50 Zula: ‘allacciare’, ‘legare’ ed in senso figurato “imprigionare”. Cfr: «E cusì zulagiantome i lachiti / de drio d’i me nemale / a’ vago inchin ch’a’ i fremo» (27.17); «Faghe bianco el cordon / que la se zula, e bianchi anch’i stringhiti, / bianchi i tondini, e bianchi i fazzoliti» (28.55); «Puuh, gh’in fusse! A’ ghe l’he pur zulà, / sta Persa!» (FORZ. Past. V 562).

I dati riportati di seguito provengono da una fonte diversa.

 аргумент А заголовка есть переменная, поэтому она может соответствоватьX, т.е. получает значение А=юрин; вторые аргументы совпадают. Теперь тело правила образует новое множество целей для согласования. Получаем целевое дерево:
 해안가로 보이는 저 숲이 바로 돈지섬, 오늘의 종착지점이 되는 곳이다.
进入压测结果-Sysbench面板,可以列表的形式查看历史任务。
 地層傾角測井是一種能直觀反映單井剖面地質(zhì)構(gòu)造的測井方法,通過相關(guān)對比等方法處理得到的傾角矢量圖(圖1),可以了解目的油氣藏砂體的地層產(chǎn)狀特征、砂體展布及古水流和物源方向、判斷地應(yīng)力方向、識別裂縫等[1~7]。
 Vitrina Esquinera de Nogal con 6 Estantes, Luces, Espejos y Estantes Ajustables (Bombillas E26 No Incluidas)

51 Sen: parte dell’abito che copre il petto. Cfr: «Mo a’ no he fatto per no ghe le dare, ché a’ le he portè chialò in sen ingroppè int’un fazzoletto» (Piov. G IV 19); «Con a’ me vête su la via al scuro con i dinari in sen, mo dige: “Gi è miegio que putte, quisti!”» (Vacc. III 156); «D’oraro na ramella / e na de palpa se cavé de sen / digando: “Dal seren / ciel de l’Impierio, on ghe xe sì bel stare, / a’ te son vegnù chì per arpasare”» (Rime II [BEG.] 38.8).

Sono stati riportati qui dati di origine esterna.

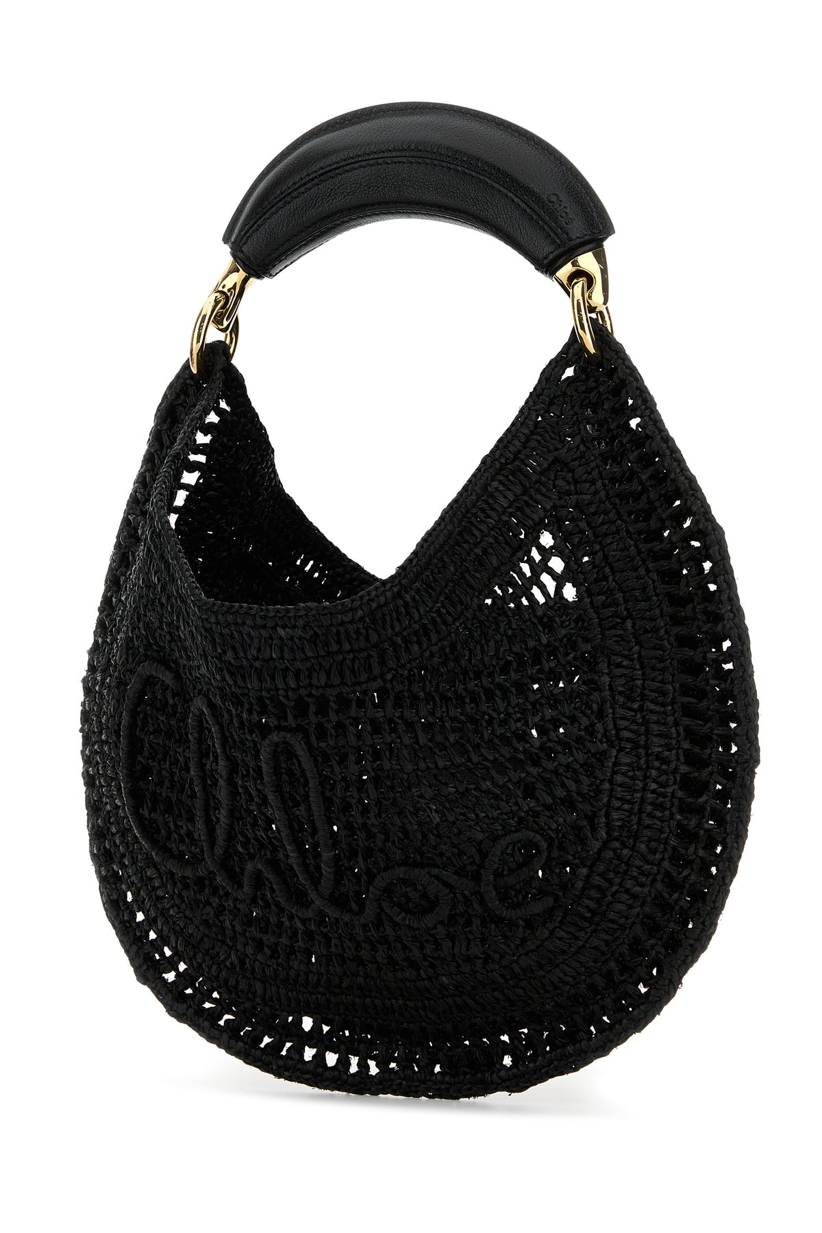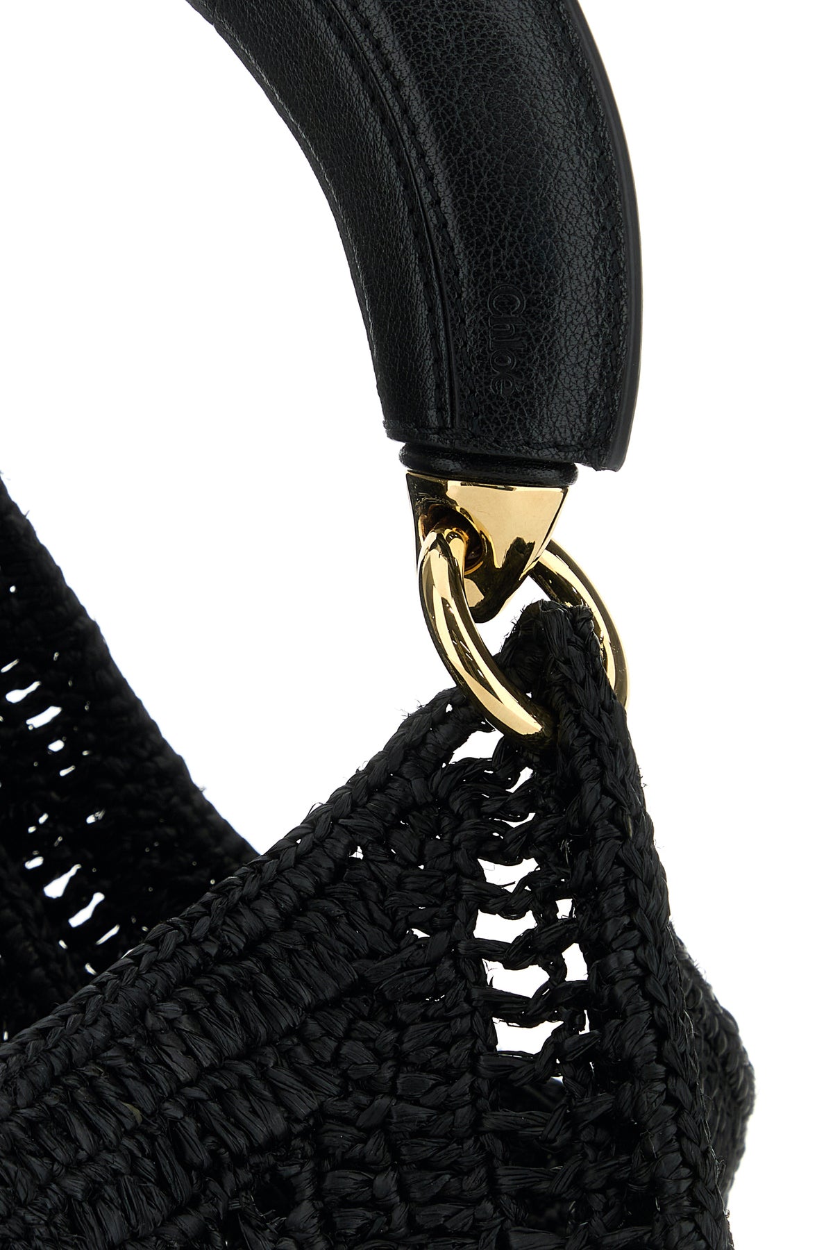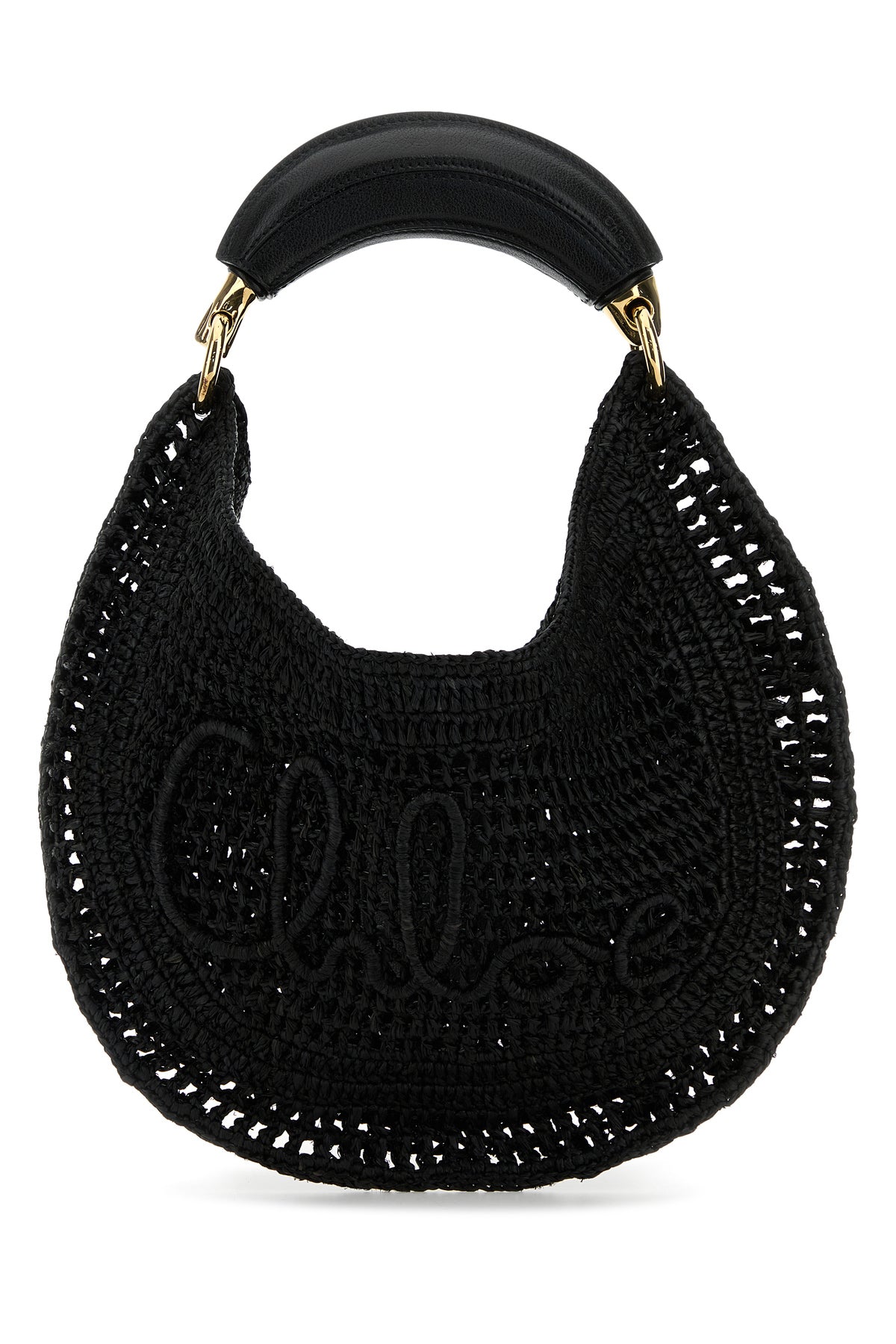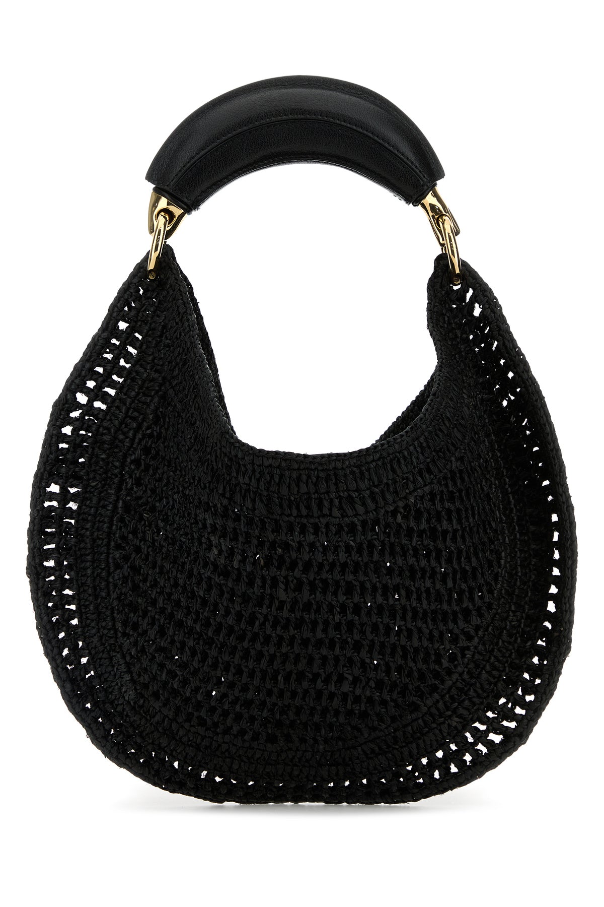 Handbag realized in raffia characterized by tonal embroidered logo at the front.

55 Contugnamen: ‘continuamente’, ‘sempre’. Frequentissimo in Magagnò: «'l lo vorave vêr
contugnamen / a galder del so vin e del so pan» (Rime II 1.3 [MAG.]);«te g'he contugnamen / vuogio el vezatto e la casa dal pan / e con cento berunci el to gaban» (Rime II 1.57 [MAG.]);«el poveretto cria
contugnamen, / perqué 'l è uso star sotto al to sen» (Rime II 4.64 [MAG.]);«el v'impirave gi uocchi del terren / che 'l agiaventa co i piè contugnamen» (Rime II 39.80 [MAG.]);«un mal nascente, / un cancaro, una lévera, un caruolo / che ne ten roseghè contugnamente» (Rime II 3.45 [MAG.]); «'l no besogna solamen pensare / de volergi impiantare / ma de bruscargi e far contugnamente / che i sea zapè» (Rime II 4.211 [MAG.]);«gi uocchi on zola Amor contugnamen» (Rime III 5.34 [MAG.]);«Così l'Amore per quel spiandore / se vé a zolare per sgraffignare / contugnamen el cuor del sen / a qualche scatturò co a' son stò mi» (Rime III 5.41 [MAG.]); «quel vin, che solamen / sotto a ste belle grotte se manten / dolce
contugnamen» (Rime III 105.45 [MAG.]).